自分でセットアップした素材であっても、元モデルやテクスチャが他者制作物であれば、配布できない場合があります。
公開前には、商用利用、再配布、改変配布、クレジット表記の条件を分けて確認しましょう。
- 元モデルの配布条件
- テクスチャの利用条件
- 商用利用の可否
- 改変素材の公開可否
- クレジット表記の要否
自作3D素材を描画補助に変えるなら流れで覚える
クリスタモデラーの使い方は、細かい機能名から覚えるよりも、3DデータをPAINT用素材に変える流れとして覚えるほうが理解しやすくなります。
まずは小物や背景などの3Dオブジェクトを読み込み、素材名、サイズ、サムネイル、登録先を整えるところから始めましょう。

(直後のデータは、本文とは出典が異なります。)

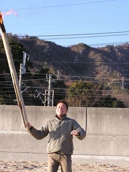 もっさん、なんか変な絵ですが焚き火にあたってます。 |

キャラクター素材に進む場合は、見た目だけでなく、ボーン、標準ボーンマッピング、表情やパーツ構成を確認する必要があります。
テクスチャの場所、モデルのスケール、ポリゴン量を事前に整えておくと、読み込み後のトラブルを避けやすくなります。
登録後はPAINTで実際に配置し、サイズ、向き、アングル、可動状態を確認して、作画中に使いやすい素材へ調整しましょう。
クリスタモデラーは単体で完結するツールではなく、CLIP STUDIO PAINTでの作画を助けるための準備ツールとして使うと、役割がはっきりします。